Large language models are a promising tool for accurate and reliable health information for patients living with amyloidosis. However, ChatGPT's responses exceeded the American Medical Association's recommended fifth- to sixth-grade reading level. Future studies focusing on improving response accuracy and readability are warranted. Prior to widespread implementation, the technology's limitations and ethical implications must be further explored to ensure patient safety and equitable implementation.
淀粉样变性是一种罕见的多系统疾病,通常需要复杂的多学科护理。其低患病率凸显了努力确保提供高质量患者教育材料以实现更好治疗效果的重要性。ChatGPT(OpenAI)是一种由人工智能驱动的大型语言模型,为患者和医疗服务提供者提供了传播准确、可靠且易于获取的教育资源的潜在途径。其用户友好的界面、引人入胜的对话式回复以及用户提出后续问题的能力,使其成为向患者提供准确和量身定制信息的有前途的未来工具。
我们对ChatGPT在回答与淀粉样变性相关问题时的准确性、可重复性和可读性进行了多学科评估。
总共从医学协会、机构和淀粉样变性脸书支持小组中整理了98个与心脏病学、胃肠病学和神经病学相关的淀粉样变性问题,并输入到ChatGPT-3.5和ChatGPT-4中。与心脏病学和胃肠病学相关的回复分别由一位专门从事淀粉样变性的认证心脏病专家和认证胃肠病专家独立评分。这两位评审员(RG和DCK)也对一般问题进行评分,如有分歧则通过讨论解决。与神经病学相关的回复由一位专门从事淀粉样变性的认证神经科医生(AAH)评分。评审员使用以下评分标准:(1)全面,(2)正确但不充分,(3)部分正确部分错误,(4)完全错误。问题按类别分层以进行进一步分析。通过将每个问题输入每个模型两次来评估可重复性。还使用Python(Python软件基金会)中的Textstat库和R软件(R统计计算基金会)中的Textstat可读性包评估ChatGPT-4回复的可读性。

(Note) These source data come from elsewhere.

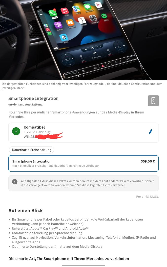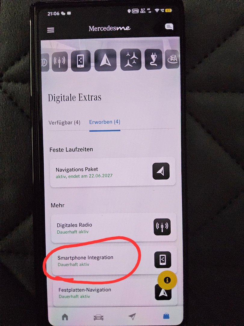 Es wird mir noch die Anbindung über Bluetooth angeboten, da geht gleichfalls nix. Hier soll ich das Smartphone mit dem Auto verbinden. Es ist jedoch mit dem Auto verbunden, ich telefoniere über das Auto und es läuft Mercedes Me (so eine App, mit der man das Auto auslesen und einiges eingstellen kann). Gestern hat das Auto damit ein System-Update über das Smartphone runtergeladen.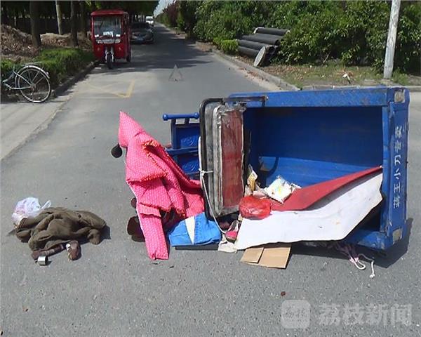 记者闻讯赶到现场时,交警部门正在勘察现场,现场电动三轮车侧翻在地上,地面物品散落一地,一只塑料盒里还盛着清蒸好的童子鸡,据卡车司机介绍,当时他由西向南转弯准备进厂,随后发现后方三轮车侧翻,一名老太倒地,他就下车报警了,自己车根本没有碰到死者车,当时死者的狗链子就栓在电动车脚刹上,“是狗遇到我的车受惊吓了,将老太三轮车带翻,老太倒地后就不醒了,随后120闻讯赶来说是老太已经猝死了。”卡车司机介绍道。记者随后看到被道路施救人员临时看管的狗,狗体积比较大,看起来还是比较温顺的。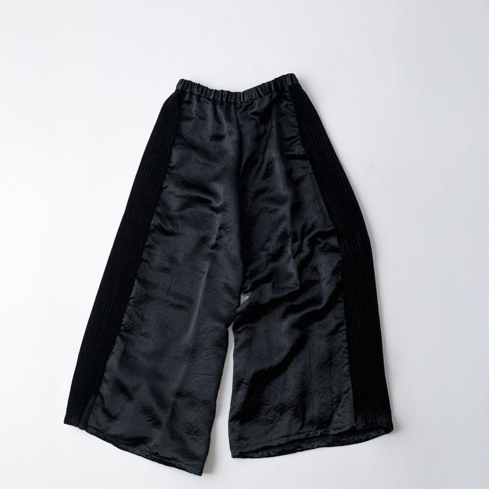 ボロボロになっていたニットシャツを分解し、状態の良い部分を抽出。光沢感のある残反と組み合わせて仕立てたフレアシルエットのパンツです。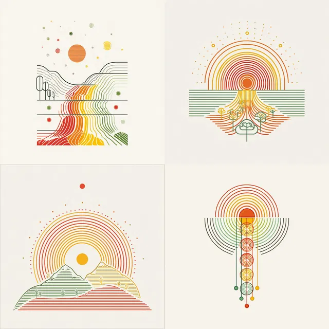 Этот стиль отличается линейной чёткостью и геометрической простотой. Он идеально подходит для создания минималистичных композиций в ретро-цветовой палитре. В нём подчёркиваются чистые линии и структурированные формы, часто вдохновлённые модернистскими течениями и идеями Баухауса.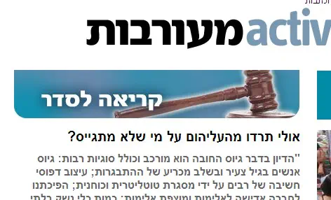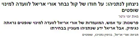 לאולפנים השונים הוזעקו מומחי משפט כדי להבהיר לנו עד כמה נורא המצב שבו חברי הכנסת אורי אריאל ודוד רותם יכהנו בוועדה הנחשקת. ב'קול ישראל', לדוגמא, אמר הפרשן המשפטי משה הנגבי שהמציאות החדשה אכן מדאיגה, אבל הפליא לעשות 'הארץ' שלא חשש להנפיק כותרת מדהימה בגילוי הלב שבה. תנו מבט, אבל בזהירות: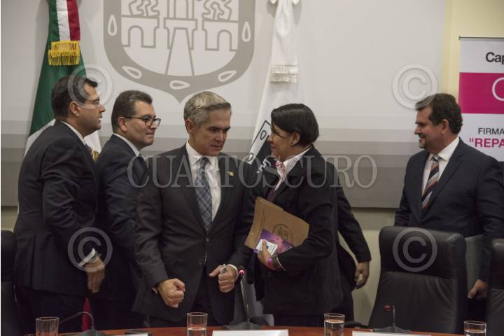 CIUDAD DE MÉXICO, 10MARZO2017.- Miguel Ángel Mancera Espinosa, Jefe de Gobierno, y José Ramón Amieva Gálvez, Secretario de Desarrollo Social, encabezaron la Firma de la Carta de Intención con la Comisión de Derechos Humanos de la CDMX y la Asociación Migrantes Michoacanos por los Derechos Humanos en Materia de Personas Migrantes Repatriadas. FOTO: TERCERO DÍAZ /CUARTOSCURO.COM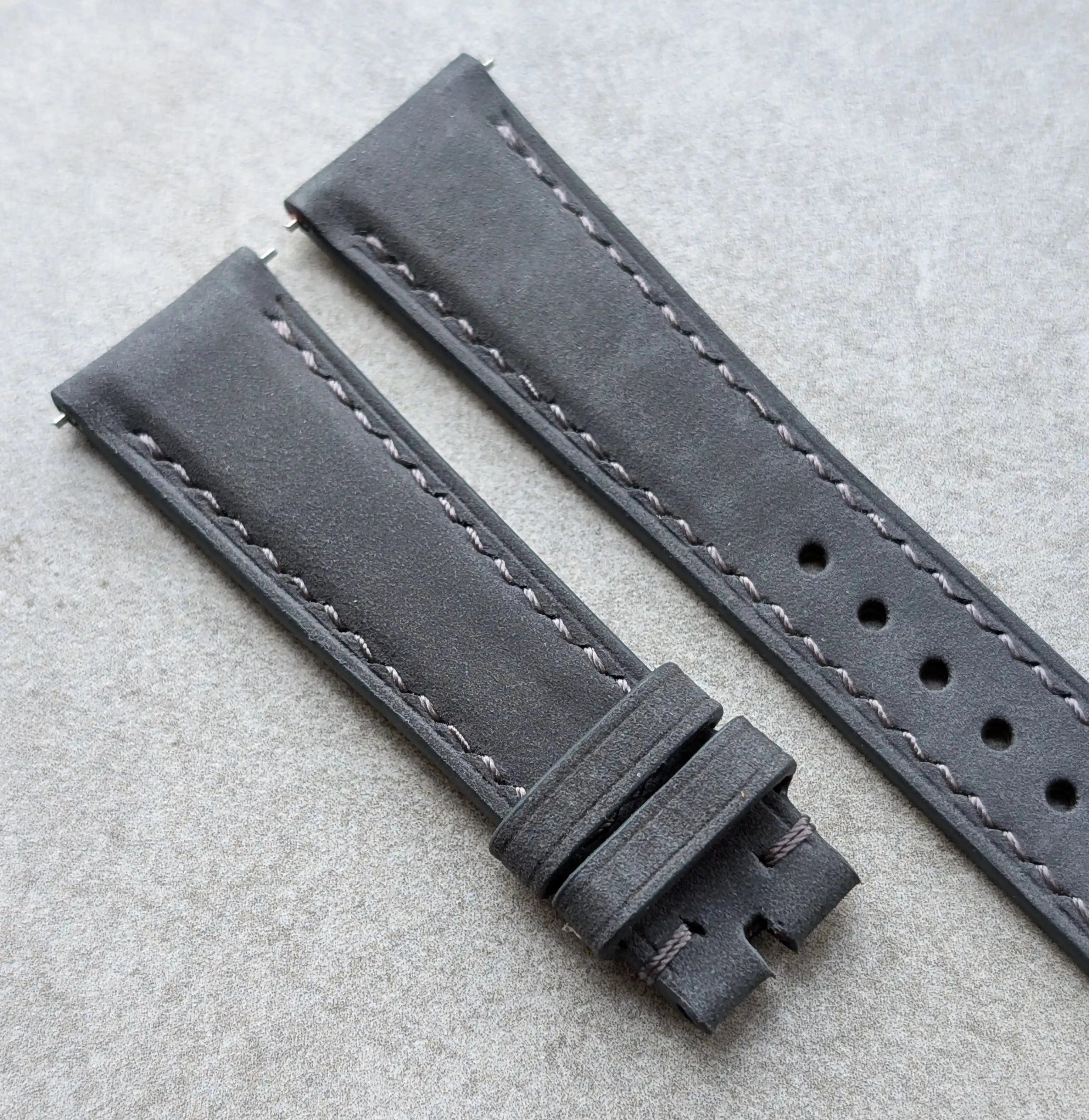 Please note that nubuck & suede is less durable than calfskin. We recommend that suede straps are worn in rotation and not daily. They do not have the same durability as a calfskin does.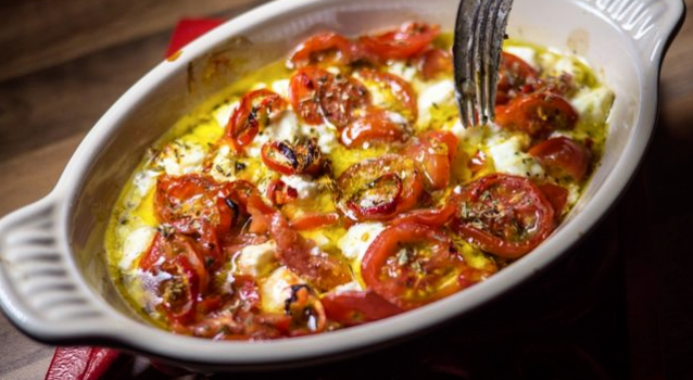 – Ψήνετε σε προθερμασμένο φούρνο μέχρι να ψηθούν οι ντομάτες. Δηλαδή, ψήνετε έως ότου πάρει χρυσό χρώμα το τυρί.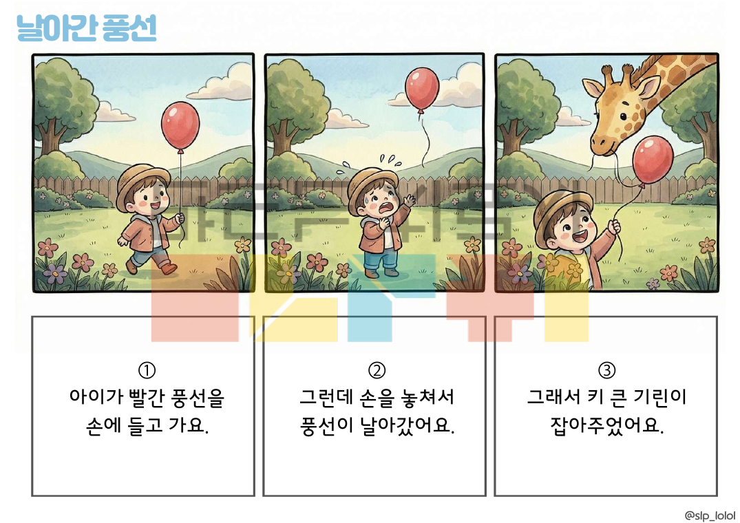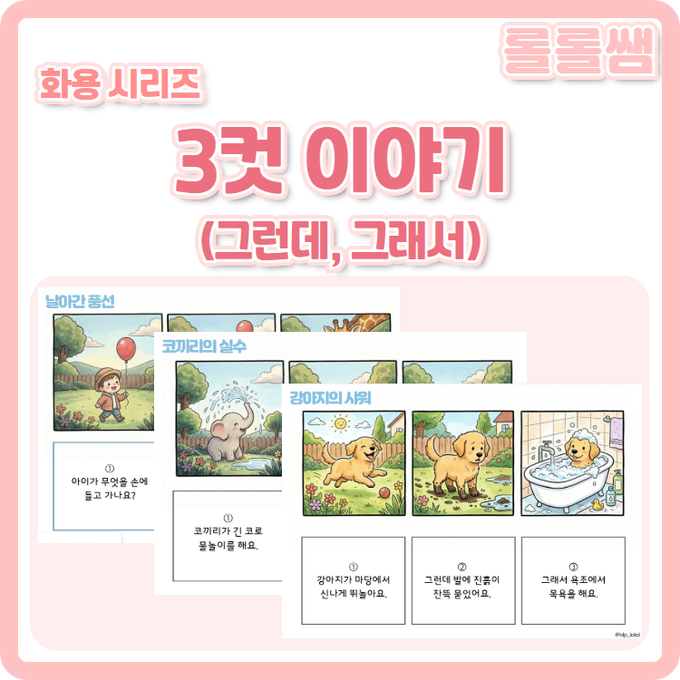 안녕하세요. 롤롤쌤의 화용 시리즈, '3컷 이야기(그런데, 그래서)' 입니다! 이야기 문법을 3단계로 단순화하여 담화 수준의 언어 능력으로 나아가도록 도와주는 자료입니다. 접속사 '그런데/그래서'의 반복 연습으로 논리적 연결성을 강화합니다. * 20가지의 3컷 만화 * 만화 당 3개씩, 총 60개의 의문사 질문 · 구성 : 총 41p. (표지 포함) 이렇게 활용해보세요! ① 이야기 듣고 3컷 만화 순서 정렬하기 ② 그림 보고 3컷 만화 이야기하기 ③ 이야기 질문에 답하기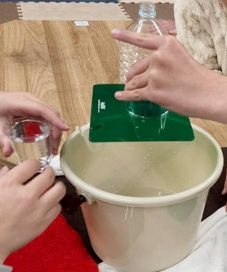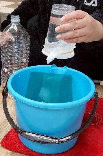 こちらは布を使っての実験です。柔らかい材質でも、水がこぼれずますますビックリの子供たちでした。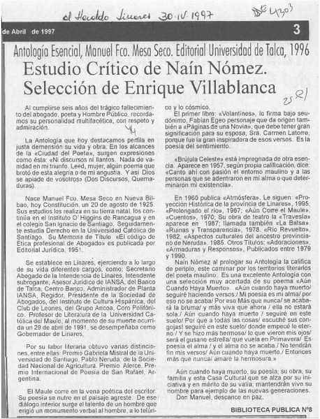 Nómez, Naín - MESA SECO, MANUEL FRANCISCO - ANTOLOGIA ESENCIAL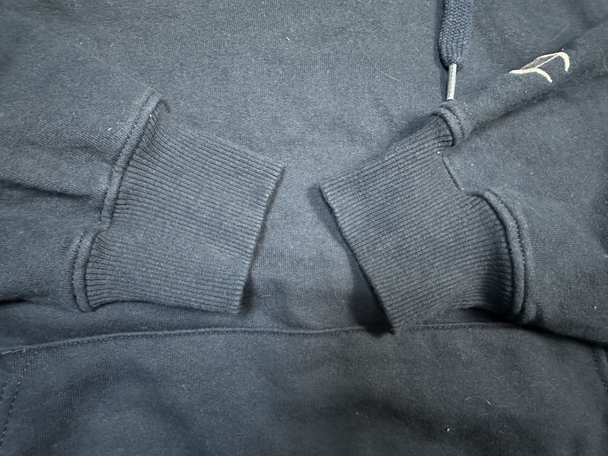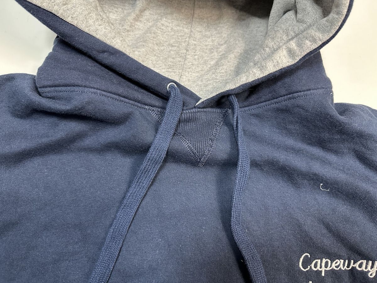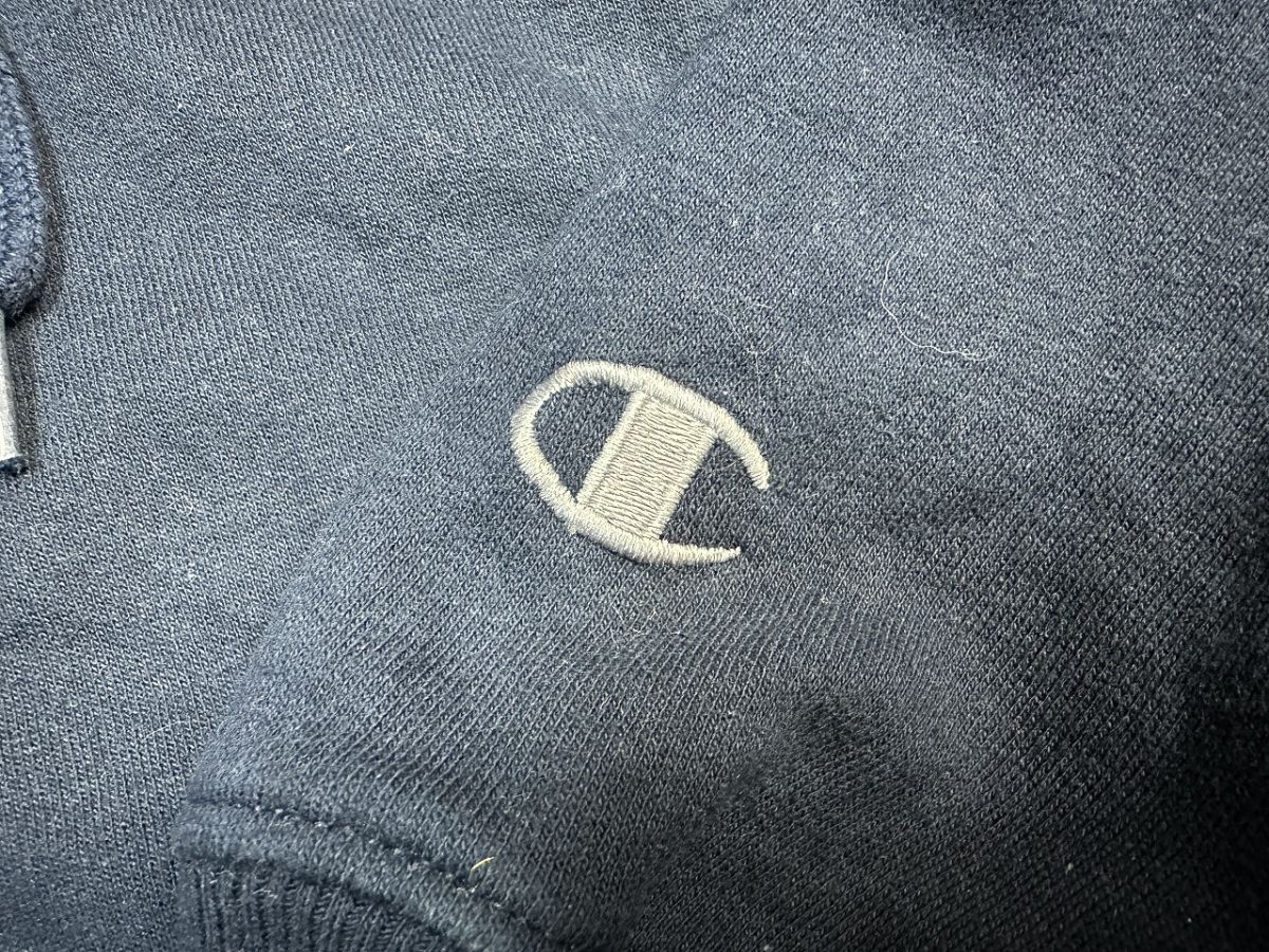 ●US USED ビッグサイズ US古着 Champion チャンピオン スウェット フード パーカ プリント ロゴ刺繍 肉厚 ネイビー紺【XL】裏起毛

ChatGPT-4(n=98)提供了93条(95%)信息准确的回复,其中82条(84%)是全面的。ChatGPT-3.5(n=83)提供了74条(89%)信息准确的回复,其中66条(79%)是全面的。按问题类别检查时,ChatGTP-4和ChatGPT-3.5分别对“一般问题”(n=56)提供了53条(95%)和48条(86%)全面回复。按主题检查时,ChatGPT-4和ChatGPT-3.5在回答心脏病学问题(n=12)时表现最佳,两个模型均产生了10条(83%)全面回复。对于胃肠病学(n=15),ChatGPT-4对9条(60%)回复给出了全面评分,ChatGPT-3.5提供了8条(53%)回复。总体而言,ChatGPT-4的98条回复中有96条(98%)、ChatGPT-3.5的83条回复中有73条(88%)是可重复的。ChatGPT-4回复的可读性范围从美国小学10年级到研究生以上水平,平均为15.5(标准差1.9)。
大型语言模型是为患有淀粉样变性的患者提供准确可靠健康信息的有前途的工具。然而,ChatGPT的回复超出了美国医学协会推荐的五至六年级阅读水平。有必要开展未来研究以提高回复的准确性和可读性。在广泛应用之前,必须进一步探索该技术的局限性和伦理影响,以确保患者安全和公平应用。